Il résulte de ce qui précède, sans qu’il soit besoin de se prononcer sur les autres moyens de la requête, que la décision du 13 juillet 2023 par laquelle le recteur de l’académie de Créteil a refusé de reconnaître l’imputabilité au service de la maladie de Mme B… et a rejeté sa demande de placement en congé pour invalidité temporaire imputable au service, doit être annulée.

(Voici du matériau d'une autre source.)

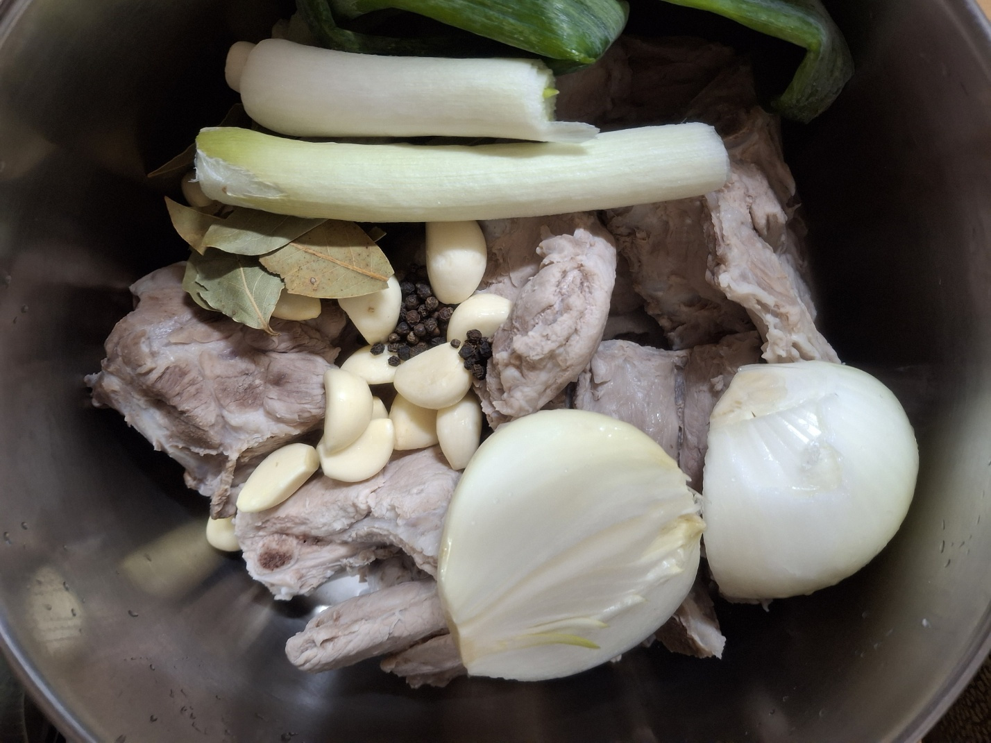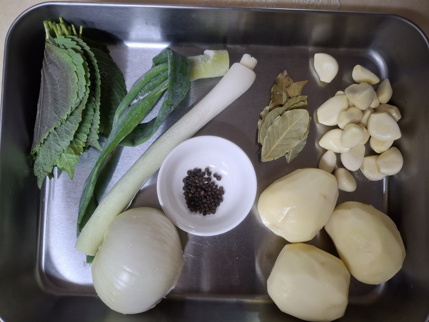 돼지등뼈 2 kg , 맛술 50 ml (5큰술), 우거지 600 g , 감자 3 개 , 양파 200 g , 대파 2 대 , 통마늘 20 개 , 월계수잎 5 장 , 통후추 30 알 , 깻잎 1 묶음 , 들깨가루 3 큰술 (1큰술= 15ml), 멸치 다시마 육수 3 L (3 000ml)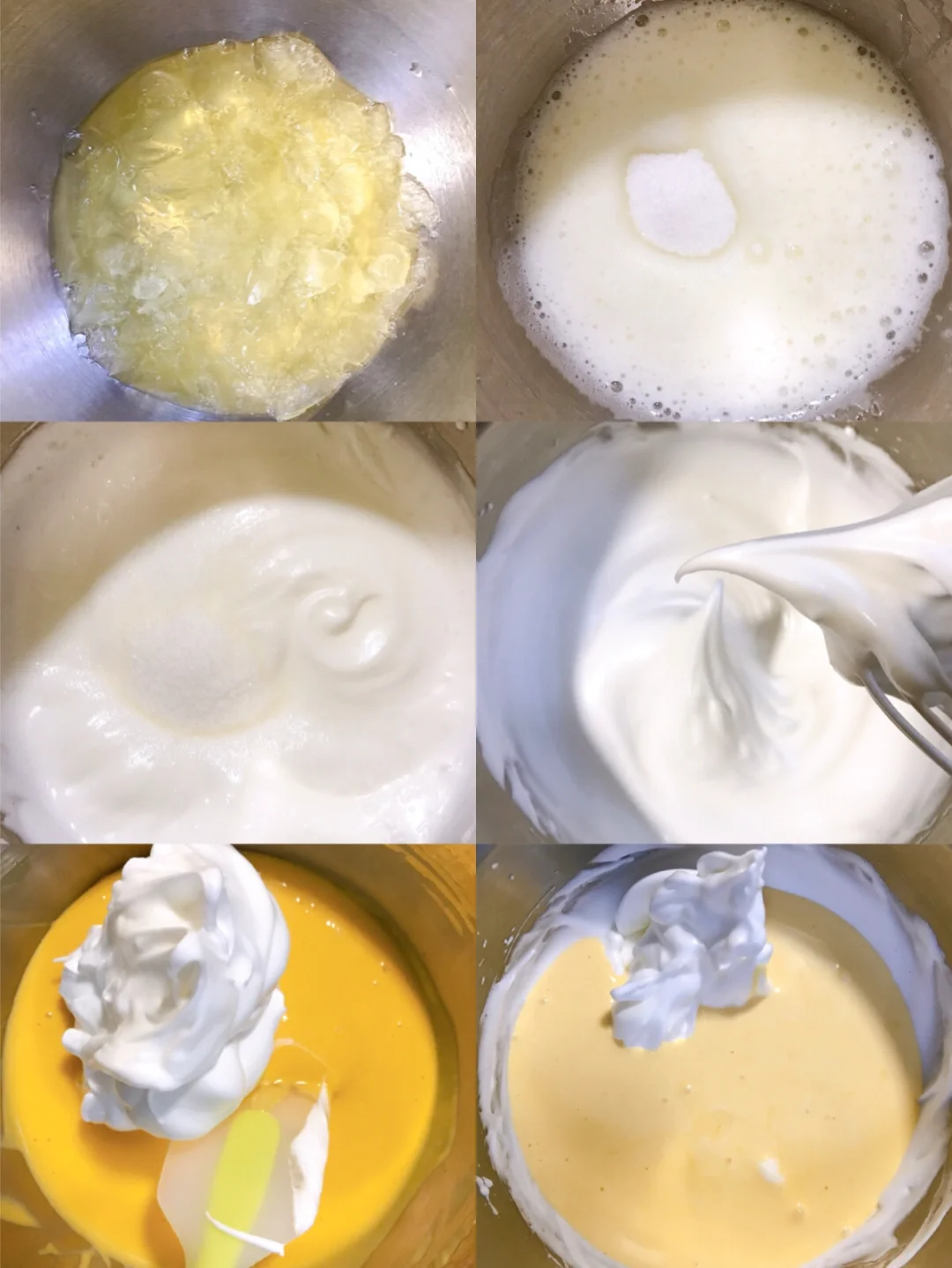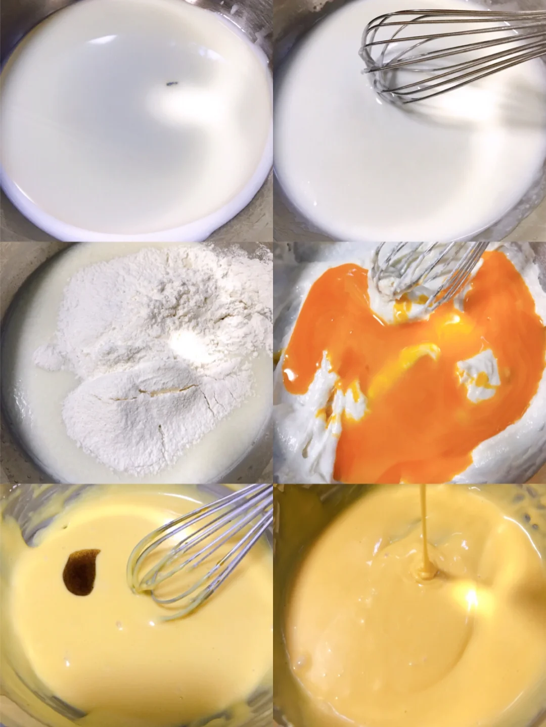 蛋黄40g,蛋白70g,牛奶45g,玉米油25g,低筋粉45g,细砂糖35g,香草膏2g,柠檬汁(或白醋)几滴

Sur les conclusions à fin d’injonction :
Eu égard au motif d’annulation retenu, le présent jugement implique seulement d’enjoindre au recteur de l’académie de Créteil, après avoir procédé à la consultation du conseil médical dans des conditions régulières, de réexaminer la demande de Mme B…, dans un délai de trois mois à compter de la notification du présent jugement.
Sur les frais liés au litige :
Dans les circonstances de l’espèce, il y a lieu de mettre à la charge de l’Etat une somme de 1 500 euros à verser à Mme B… au titre des dispositions de l’article L. 761-1 du code de justice administrative.
D É C I D E :
Article 1er : La décision du 13 juillet 2023 par laquelle le recteur de l’académie de Créteil a refusé de reconnaître l’imputabilité au service de la maladie de Mme B… et a rejeté sa demande de placement en congé pour invalidité temporaire imputable au service, est annulée.
Article 2 : Il est enjoint au recteur de l’académie de Créteil de procéder à la consultation du conseil médical dans des conditions régulières et de réexaminer la demande de Mme B…, dans un délai de trois mois à compter de la notification du présent jugement.
Article 3 : L’Etat versera à Mme B… une somme de 1 500 euros en application de l’article L. 761-1 du code de justice administrative.
Article 4 : Le surplus des conclusions de la requête est rejeté.
Article 5 : Le présent jugement sera notifié à Mme A… B… et au recteur de l’académie de Créteil.
Délibéré après l’audience du 21 avril 2026, à laquelle siégeaient :
M. Dewailly, président,
Mme Iffli, conseillère,
Mme Seignat, conseillère.
Rendu public par mise à disposition au greffe le 15 mai 2026.
La rapporteure,
D. Seignat
Le président,
S. Dewailly
La greffière,
L. Sueur
La République mande et ordonne au ministre de l’éducation nationale, en ce qui le concerne ou à tous commissaires de justice à ce requis en ce qui concerne les voies de droit commun contre les parties privées, de pourvoir à l’exécution de la présente décision.